On the notion of what it means to be "thread safe"

In discussion of Sam Gross’s noGIL fork of Python 3.12 (happening in other groups here and here), I’ve seen a few comments which make me think some folks don’t really understand thread safety. In fact, I think some people might believe their code is thread-safe because the GIL is present. That’s incorrect, and I’d like to open a discussion here to try and bring everybody up to a common baseline level of what it means to be thread-safe. Disclaimer: I am no threading guru. I’ve used it a bit over the years, generally in a producer/consumer context where I can simplify my life by using queue.Queue as the communication channel.

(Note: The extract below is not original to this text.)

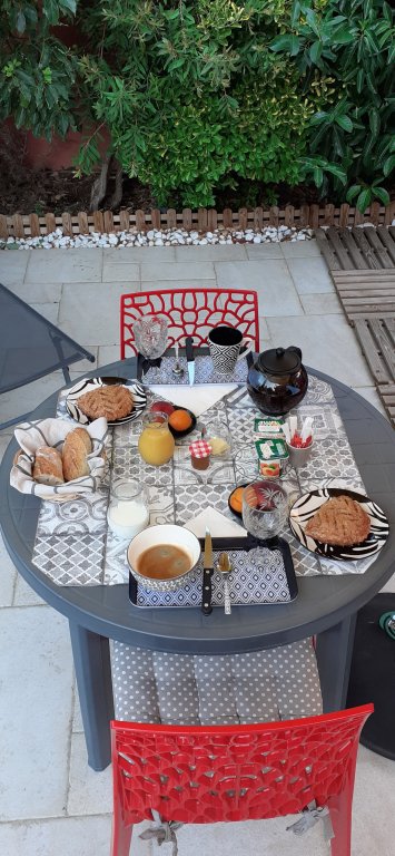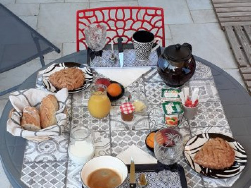 - Cour privative avec meubles de jardin, idéale pour prendre l’apéritif et le petit déjeuner qui est copieux et varié ;

Every now and then I might need to lock something. I can’t recall ever having to lock two separate bits of data (two locks, acquired at different times). Note that I am only concerning myself with thread programming at the Python level.

To start with, I have a mental model of thread safety which contains two basic elements (there might well be more):

  1. No shared data is accessed by a thread which hasn’t first locked it appropriately.
  2. There are no deadlocks in the code (this is the “two lock” situation I alluded to above).

This topic has been discussed here before. In that thread, @steven.daprano provides a concrete example of what can go wrong when access to a shared bit of data isn’t properly mediated. That’s worth reading. Steven’s example of x += 1 is an excellent of demonstration of my item #1.

Let me expand on the deadlock idea a little. Suppose we have two threads, A and B, each of which wants to manipulate x and y. For some (probably not so) strange reason, thread A generally discovers it needs to manipulate x first, then sometime later (say, after many bytecodes have been executed), discovers it needs to also fiddle with y. In contrast, thread B always wants to access y first, then migh later discover it needs to also manipulate x. Flow of control might look something like this:

  • Thread A gets control, locks x
  • Electrons are shuffled back-and-forth for a bit
  • Thread B gets control, locks y
  • Electrons are shuffled back-and-forth for a bit
  • Thread A regains control, discovers that it really wants to also work with shared object y, so attempts to acquire a lock for it
  • The attempt by A to lock y causes it to lose control of the virtual machine
  • Thread B regains control, executes for a bit, then decides it really wants to also work with shared object x, so attempts to acquire a lock for it

Oops. We have deadlocked. Neither A nor B can acquire the second lock they want, because the other thread is holding it. My purpose here isn’t to solve the deadlock problem, just to note that it exists when you don’t exercise some care.

I’m sure there are other examples of threading problems which can occur, but I suspect that most are assembled in various ways from these two basic problems, access to shared data and deadlock.

Notice that neither the simpler example of two threads modifying a single shared object, nor the deadlock (deadly embrace) example says anything about the GIL. Both of these problems can (and do) occur in current Python code today. They are well understood issues when one writes multithreaded code, and existed long before Python did. An external library (in a separate thread someone mentioned that glib’s setenv function isn’t thread-safe) can have (and hopefully document) threading problems. Using them today requires proper safeguards at the Python level. @cameron provided pseudo-code in that other thread about how to deal with thread-unsafe code over which you have no control.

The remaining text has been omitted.